A new approach uses data from one type of test on small metal alloy samples to extract enough information for building databases that can be used to predict the properties and potentials of new materials. The details were published in the journal Science and Technology of Advanced Materials: Methods.
The test is called instrumented indentation. It involves driving an indenter tip into a material to probe some of its properties, such as hardness and elastic stiffness. Scientists have been using the data extracted from instrumented indentation to estimate the stress-strain curve of materials using computational simulations. This curve, and the data it provides, is important for understanding a material’s properties. That data is also used for building massive materials databases, which can be used, in conjunction with artificial intelligence, for predicting new materials.
A problem scientists face is that this approach for estimating material properties is limited when it comes to materials called ‘high work-hardening alloys’: metal alloys, like steel, that are strengthened through physical processes like rolling and forging. Only so much information can be estimated from the curve of these materials.
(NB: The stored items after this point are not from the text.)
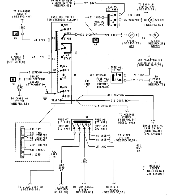 Check and test the orange fusible link this one here powers the ignition switch. Here are the wiring diagrams for the ignition switch. Check out the images (below). Let us know how it goes
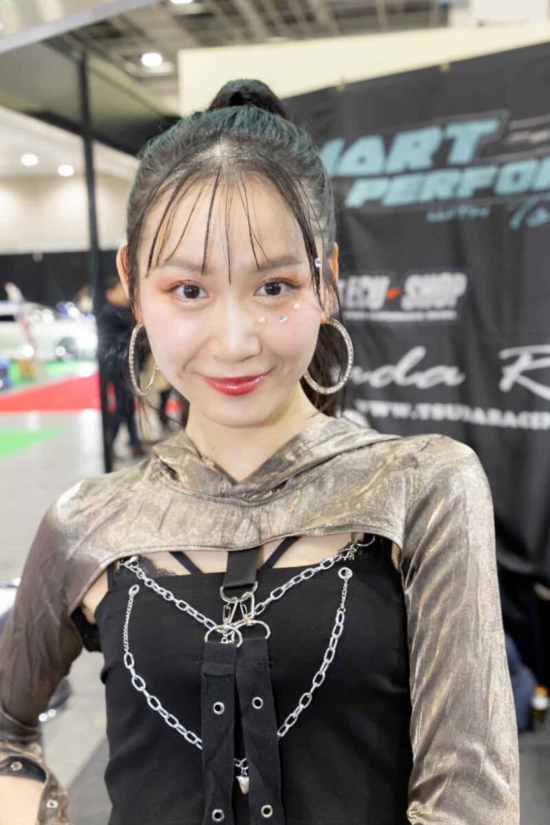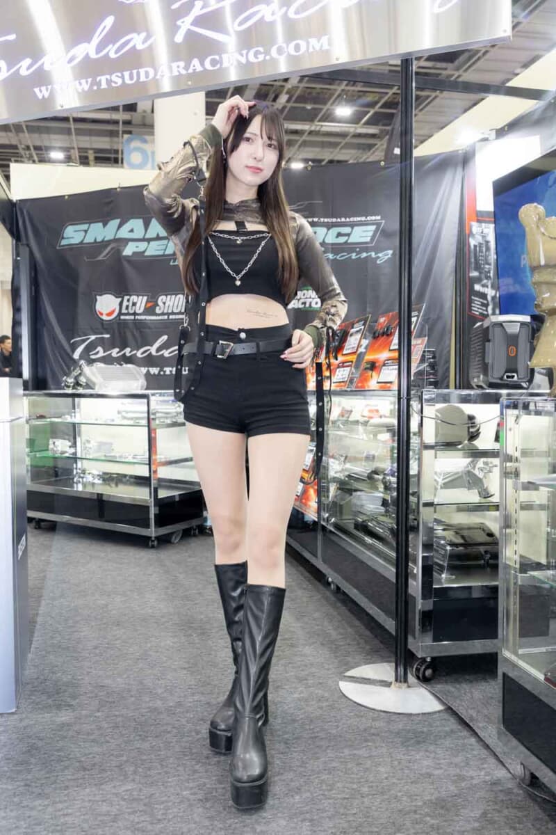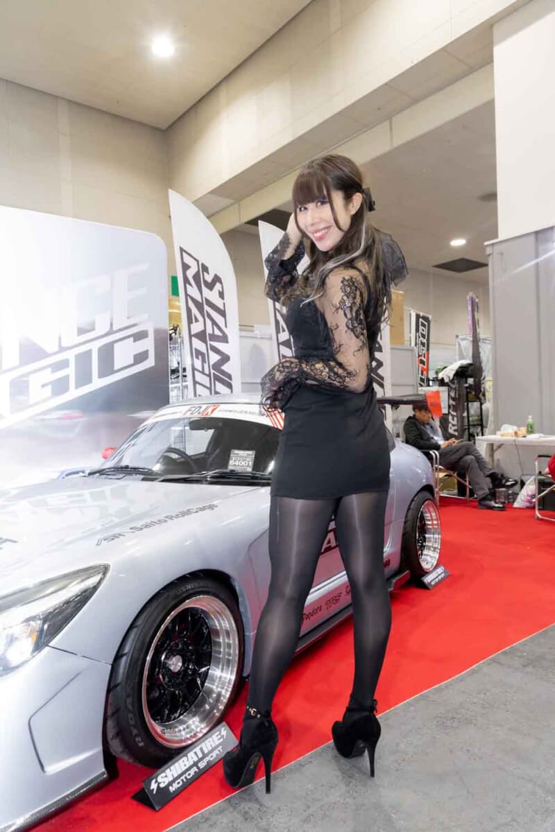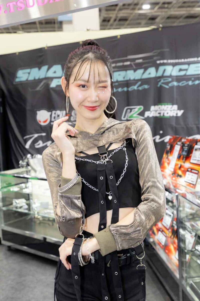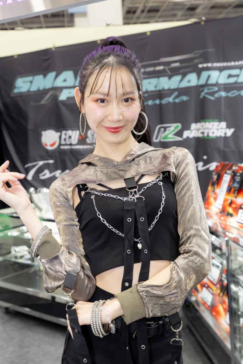 個性あふれる車両が並ぶなかで来場者の視線を集めているのは、ブースを彩るキャンギャルおよびコンパニオンの存在である。各メーカーやパーツサプライヤーのブースでは、ブランドイメージを体現する彼女たちが来場者を迎え、展示車両の横で華やかな雰囲気を演出している。
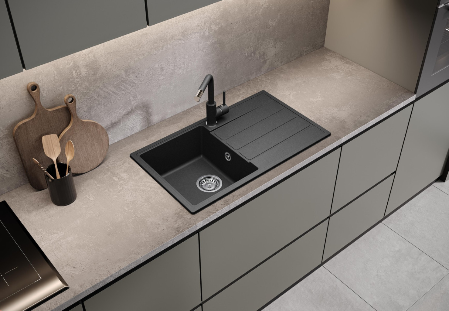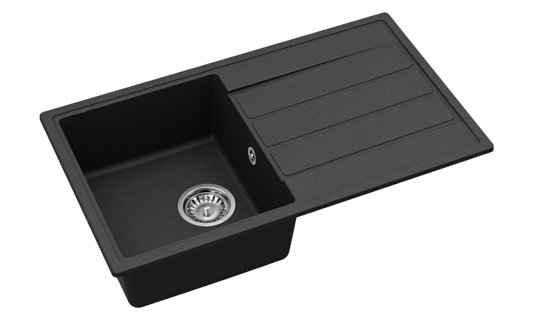 PARAMETRY:Balení: 1 ksDruh výrobku: dřez Materiál: Granit Barva popisná: černá Barva základní: černá Šířka: 76  cmHloubka: 17  cmDélka: 44  cmTvar dřezu: jednodřez S odkapávačem: ano Značka:...
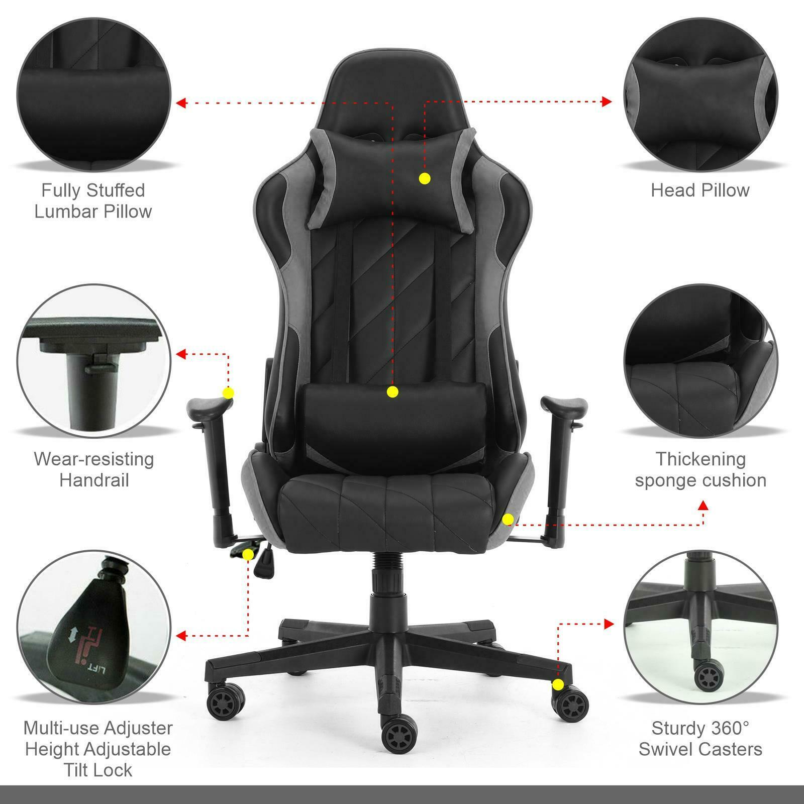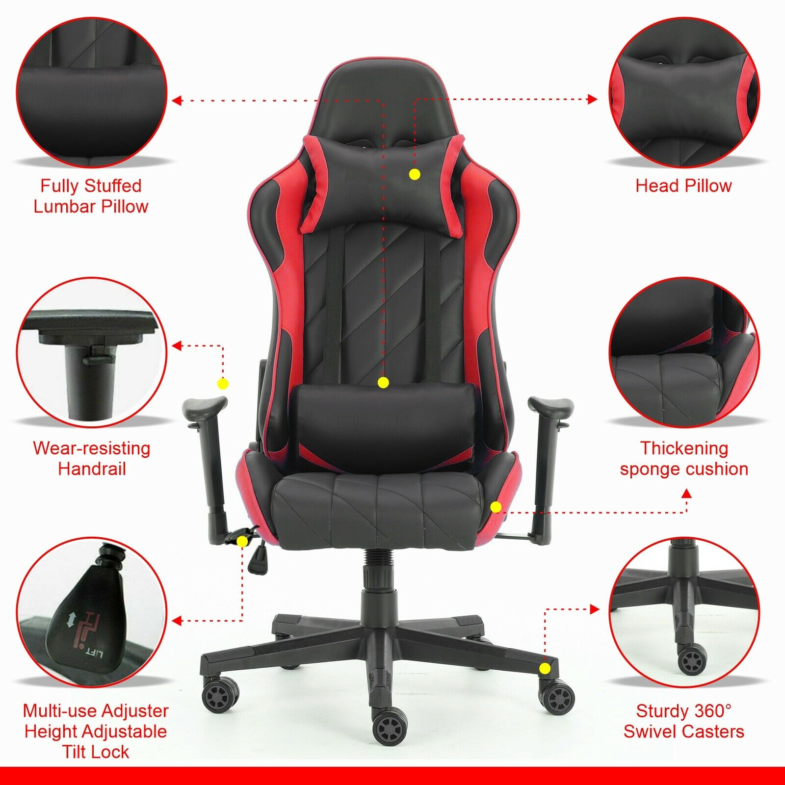Executive Racing Gaming Office Chair Swivel Recliner Computer Desk Chair Leather
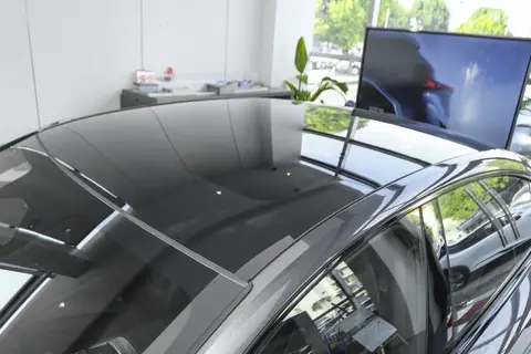 车身侧面的比例也很协调,车窗的线条从前往后逐渐收窄,搭配大尺寸的轮毂,看起来特别运动。轮毂的设计也很有个性,多辐式造型搭配黑色涂装,显得很有力量感。车门采用的是隐藏式门把手,不仅提升了整车的科技感,还能降低风阻,对续航也有一定的帮助。
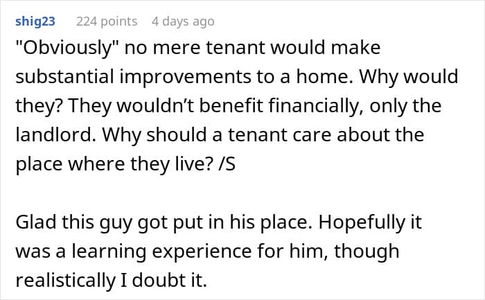 RELATED:Tenants who take care of and improve the property are a landlord’s dream. However, not everyone feels that way
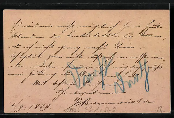 alte Ansichtskarte, gelaufen 1889, guter Zustand
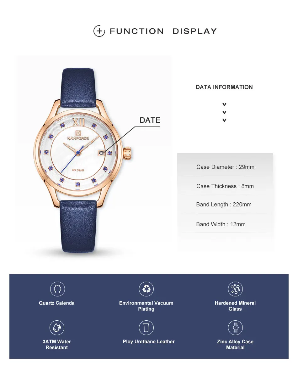 Часы наручные NAVIFORCE женские кварцевые, брендовые Роскошные модные водонепроницаемые простые для девушек
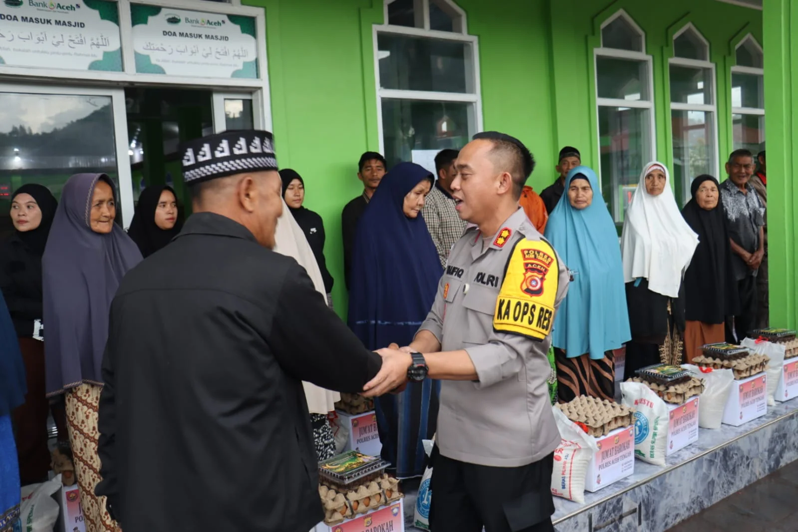 Kegiatan yang berlangsung sekitar pukul 16.30 WIB tersebut dipusatkan di Masjid Al-Latifah Kampung Kayu Kul. Kapolres Aceh Tengah AKBP Muhamad Taufiq, S.I.K., M.H., hadir langsung bersama para Pejabat Utama Polres Aceh Tengah, Kapolsek Pegasing, serta sejumlah personel untuk menyerahkan bantuan kepada masyarakat.
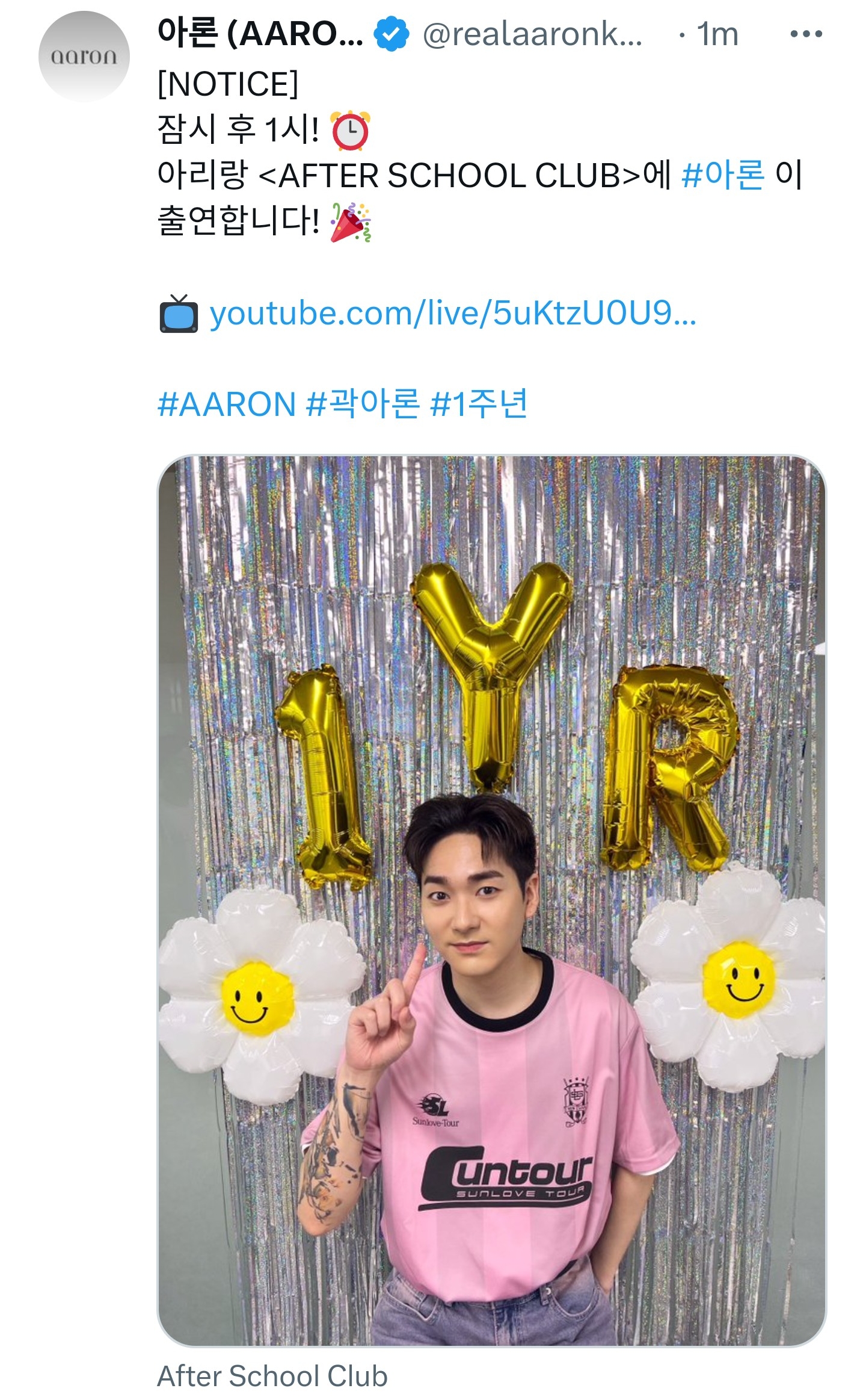 아리랑 <AFTER SCHOOL CLUB>에 #아론 이 출연합니다! 🎉
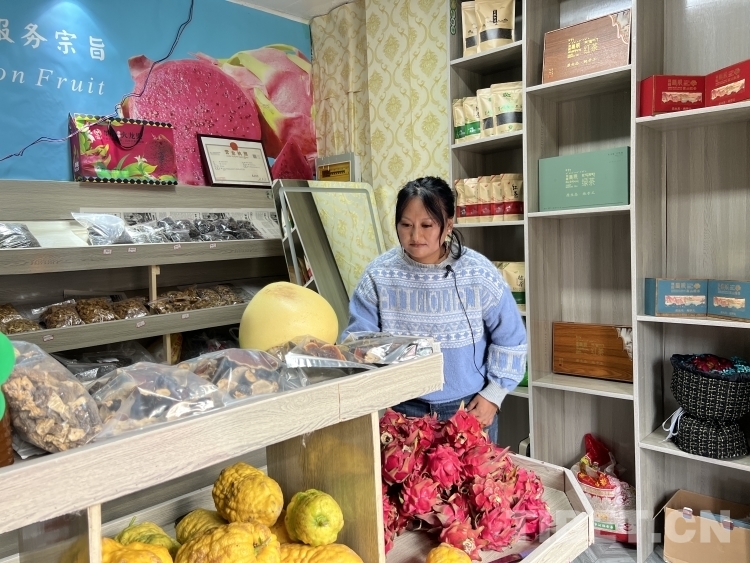 在墨脫縣德興鄉(xiāng)德興村村民西繞措姆的店里,我們看到了整齊擺放的火龍果、香蕉等熱帶水果。在整個墨脫縣,他們夫妻兩人是第一家,也是唯一一家規(guī)范種植火龍果的農(nóng)戶?!澳莻€時候我老公剛大學畢業(yè),在短視頻上看到有人在種火龍果,他就從網(wǎng)上買了火龍果苗,自己看著視頻學習種植?!?020年夫妻兩人迎來了第一個火龍果收獲季,2022年他們獲得政府民生實事扶持大學生資金30萬元,種植規(guī)模也擴大到了23畝。
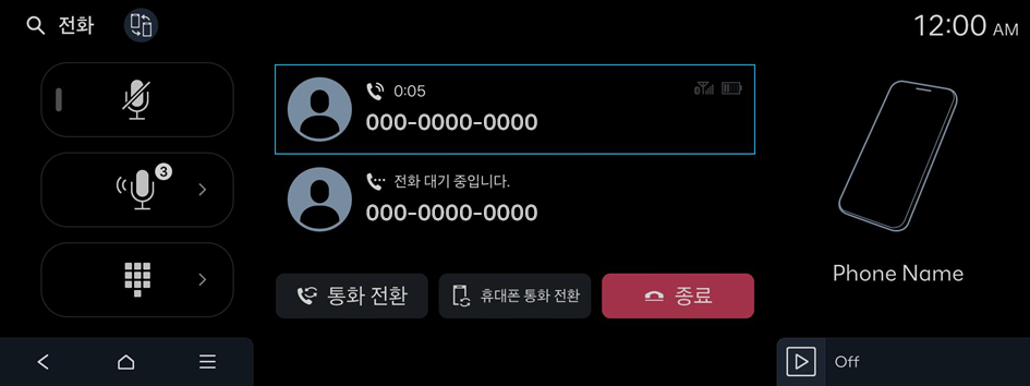 - 블루투스 전화로 통화 중에는 미디어 모드 등 다른 화면으로 이동할 수 없습니다.
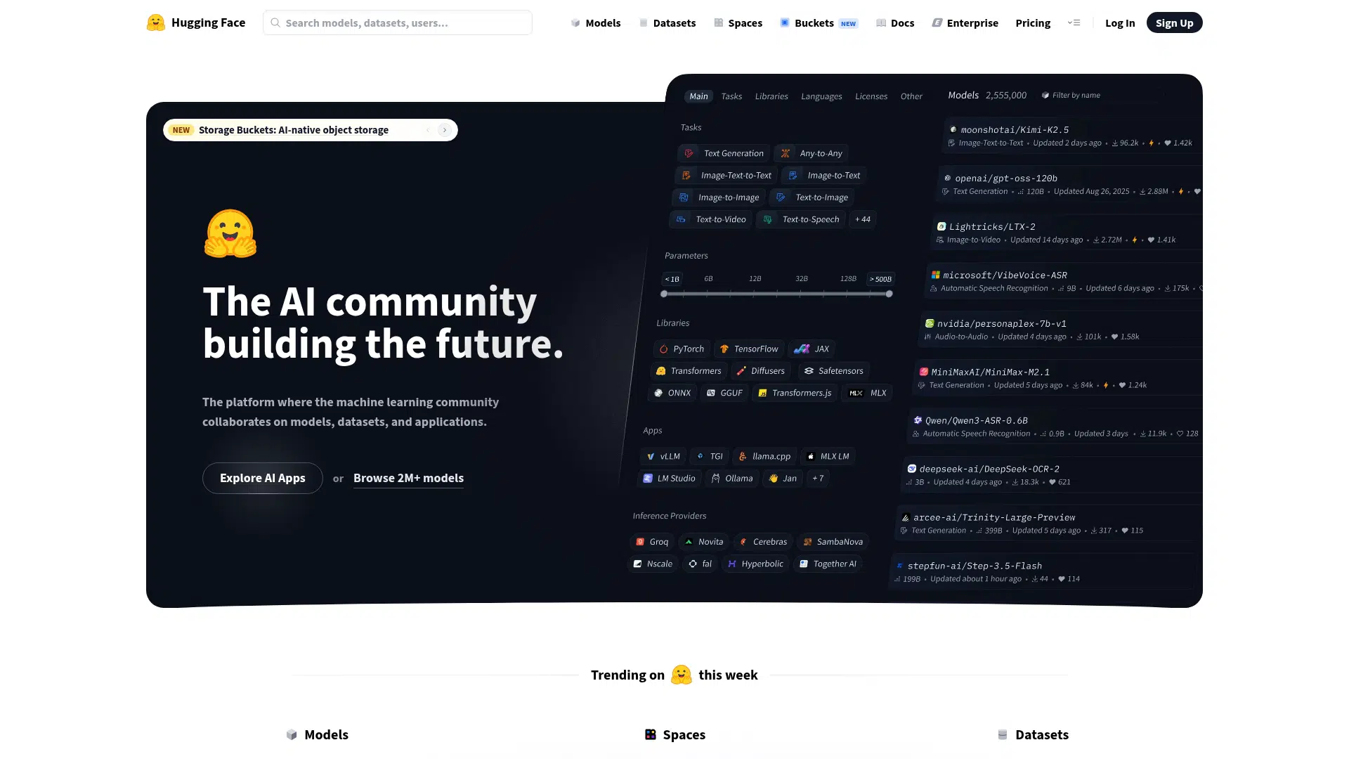 Hugging Face stands out as the central hub for the open-source machine learning community, offering a Git-based platform for hosting and collaborating on millions of public and private models, datasets, and applications, alongside a comprehensive open-source stack of ML libraries like Transformers and Diffusers.

To get the necessary additional information needed to determine their properties, more experiments would need to be done, which costs time, effort and money.
Ta-Te Chen of the University of Tsukuba and Ikumu Watanabe of the National Institute for Materials Science in Japan have developed a new computational approach to extract that additional information from instrumented indentation tests on work-hardening alloys.
Scientists found a way to use topography around indentation impression to predict other properties measured by a tensile or compression test.
“Our approach builds on an already-existing model, making it ready for use in industry. It is also applicable to existing data, including hardness,” says Watanabe.
The approach involves combining the results from two computational models, the power-law and linear hardening models, which produce their own individual stress-plastic strain curves from information gathered from indentation tests. Combining the data from both curves provides the extra data that, when added to the original stress-strain curve, shows a more holistic picture of the work-hardening alloys’ properties.
The scientists validated their approach by using it on a high-work-hardening stainless steel.
“We have extended this approach to also evaluate mechanical properties at elevated temperatures, which can contribute to the development of high-temperature alloys,” says Chen.